Хельсинки, на заднем плане Успенский собор

Центры расселения финляндских подданных в России простирались от поселка Уура на Кольском полуострове и Кукковки в Петрозаводске до Келтто (Колтуши) в Ингерманландии и Вилла Петролеа в Баку. Но только в Петербурге можно было найти небольшую модель своей родины и ощутить себя ее членом. Подтверждением этого являлся тот факт, что в текучке будничной жизни магазины петербургских финнов торговали привезенными из Финляндии товарами — кусковым маслом из Саво и сигами из Пиелисъярви, традиционным пасхальным кушаньем мямми, произведенными в Пуоланка лыжами и сукном из Тампере. «Финский мебельный магазин» продавал свою мебель на бойком месте — на углу Невского проспекта и Малой Конюшенной улицы. В ателье Германа Кейнянена, которое находилось на берегу Екатерининского канала, шили пальто и костюмы. Изданную в Финляндии литературу можно было приобрести в магазине «Финская литература» Роберта Эдгрена, находившемся на Большой Конюшенной улице. Продовольственный магазин «Кутвонен и Куокканен» в 1910-х гг. наряду с прочим торговал на Казанской продуктами питания, привезенными из Финляндии, филиал магазина находился неподалеку от Финляндского вокзала на Симбирской улице.
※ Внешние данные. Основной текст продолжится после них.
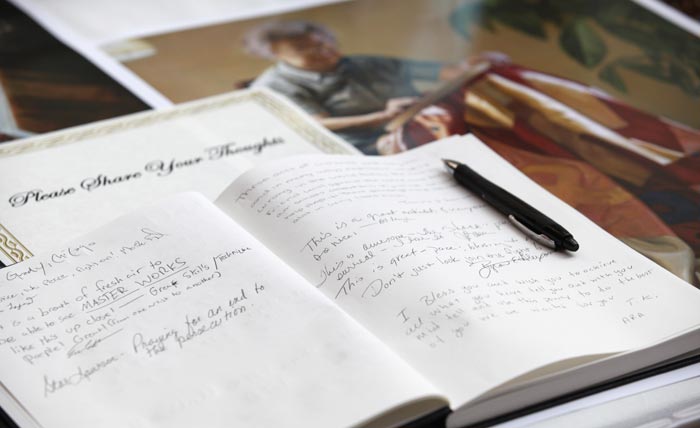 ![]() 观众在留言本上写下感受与对法轮功学员反迫害的支持 |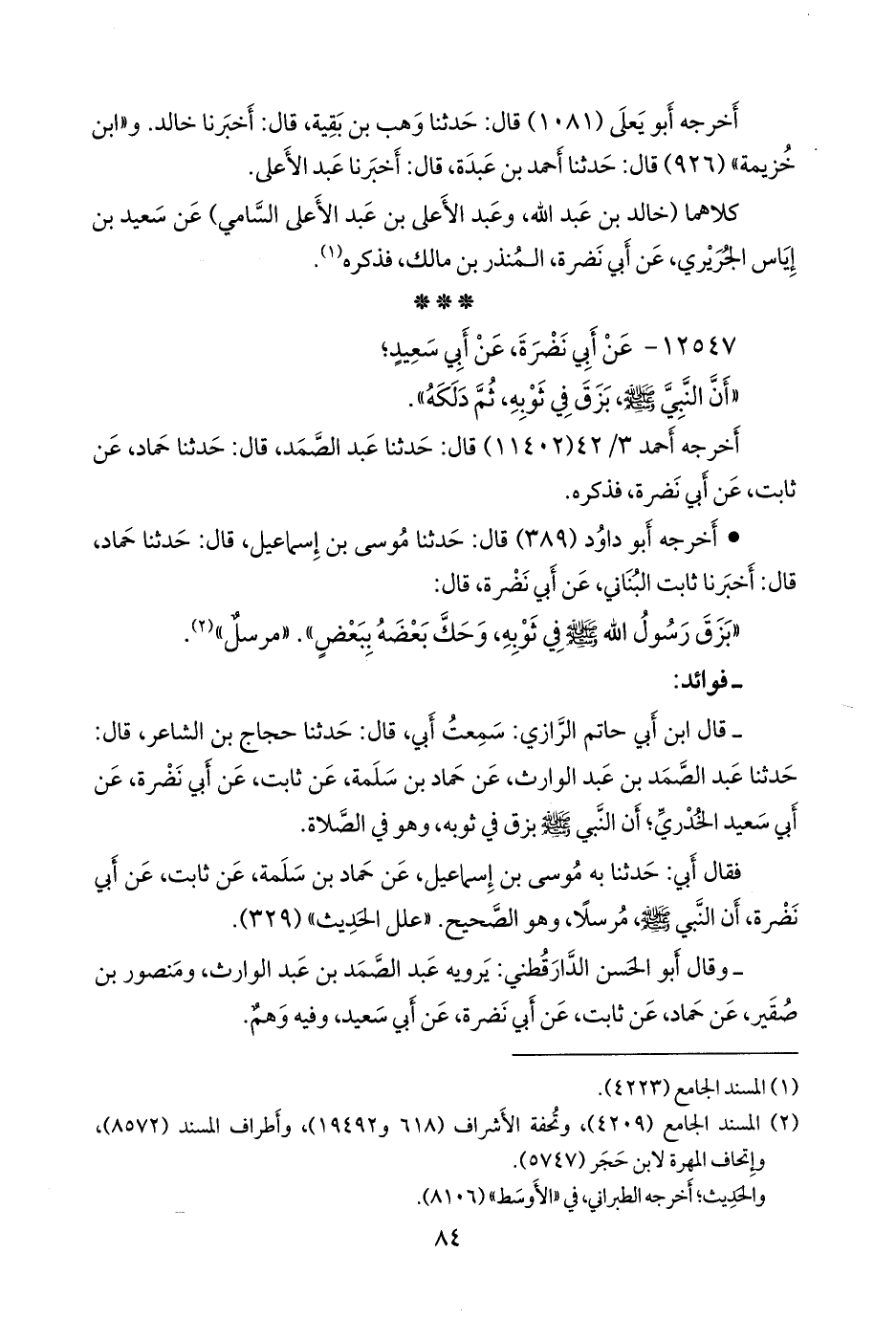 - قلنا: إِسناده ضعيفٌ؛ قال ابن أبي حاتم الرازي: سمعت أبي، قال: حدثنا حجاج بن الشاعر، قال: حدثنا عبد الصمد بن عبد الوارث، عن حماد بن سلمة، عن ثابت، عن أبي نضرة، عن أبي سعيد الخُدْري؛ أن النبي صَلى الله عَليه وسَلم بزق في ثوبه، وهو في الصلاة.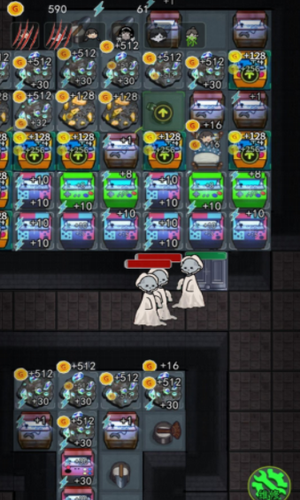 2、鬼在熄灯后疯狂袭击宿舍门,玩家要升级炮塔,购买强力武器,与猛鬼对决。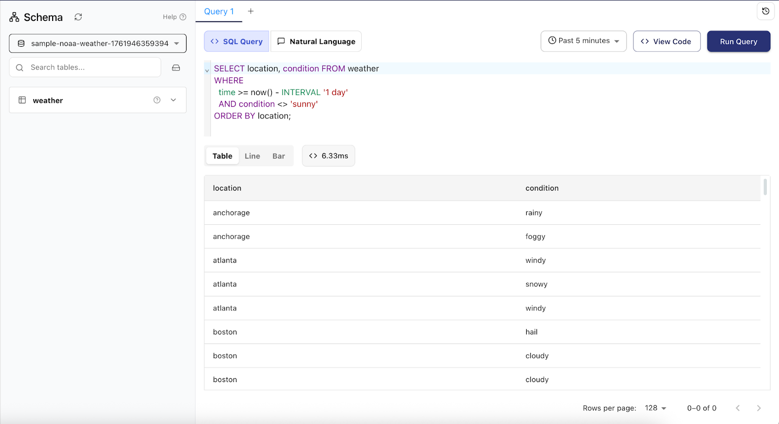Once data is written, it’s time to query. Navigate to “Query Data” -> “Data Explorer” on the left menu of the UI, select the schema you loaded data into from the dropdown, and then you can start querying. To explore the schema, you can start with something simple, such as querying all records from within the past day: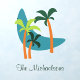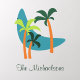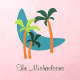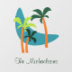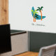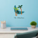 This wall decal with easy to personalize name text features a Mid Century inspired image with simple palm tree graphics in orange and green set around a boomerang shaped oasis or swimming pool in an aqua blue.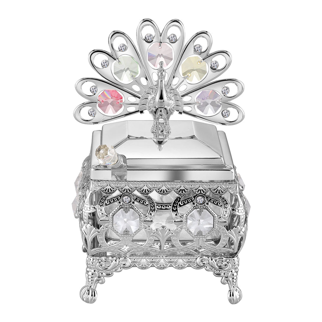 Peacock Sugar Bowl With Spoon Silver Colored Crystal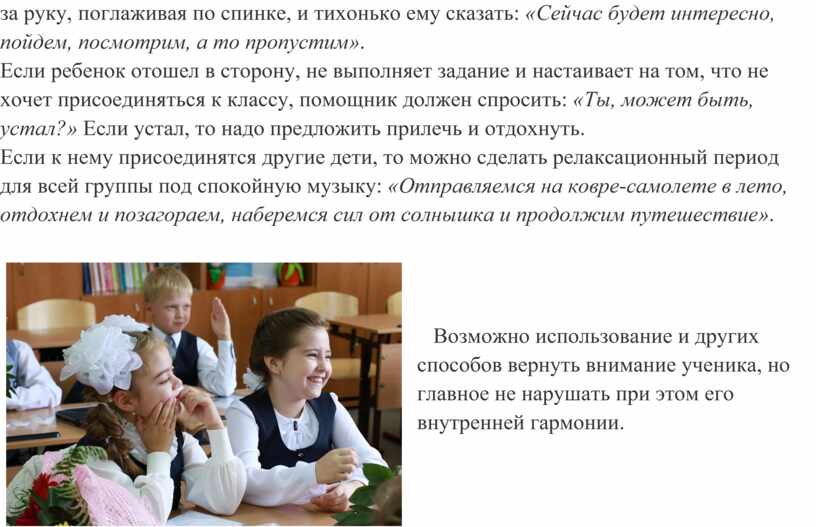 Если ребенок отвлекся, но при этом не мешает другим (отошел в сторону и не выполняет задание), помощник педагога может попытаться его заинтересовать, взять за руку, поглаживая по спинке, и тихонько ему сказать: «Сейчас будет интересно, пойдем, посмотрим, а то пропустим».

Магазины-долгожители располагались в тех районах города, где проживало много финнов, или где они часто бывали. Там же находились гостиницы, столовые, чайные и забегаловки, в которых обретались и местные, и приезжие с Карельского перешейка финны. В 1910-х гг. неподалеку от Финляндского вокзала находилась «Большая финляндская гостиница», а неподалеку от Николаевского вокзала, на Гончарной, располагался финский ночлежный дом. В городе на Неве всю жизнь, начиная от первого вздоха на руках акушерки до установки надгробного камня на Митрофановском кладбище, можно было при необходимости обойтись и только финским языком — существовали практически все нужные услуги.

В колонии петербургских финнов все же имелась одна профессиональная группа, которая явно держалась особняком в обществе и даже в стороне от остальных соплеменников. Это были железнодорожные рабочие, которых вместе с членами их семей в 1917 г. насчитывалось около 2000 человек

Железнодорожники, как правило, жили в домах, построенных финляндской казной, в непосредственной близости от одноименного вокзала — на Симбирской улице и в Финском переулке. И поскольку у них, начиная от детских садов, были свои учреждения и разветвленная сфера обслуживания на Выборгской стороне, которая имела все необходимое для поддержания жизни, то контакты с русскими поддерживались минимальные. В воспоминаниях очевидцев приводятся сведения о том, что дети железнодорожников до поступления в школу совершенно не знали русского языка. Используя право на бесплатный проезд, семьи железнодорожников частенько бывали в Финляндии. И хотя в среде железнодорожников имелись лица, родившиеся уже в России и обосновавшиеся в ней, большая часть железнодорожников жила в Петербурге в такой же полной изоляции от внешнего мира, которая характерна для космической ракеты.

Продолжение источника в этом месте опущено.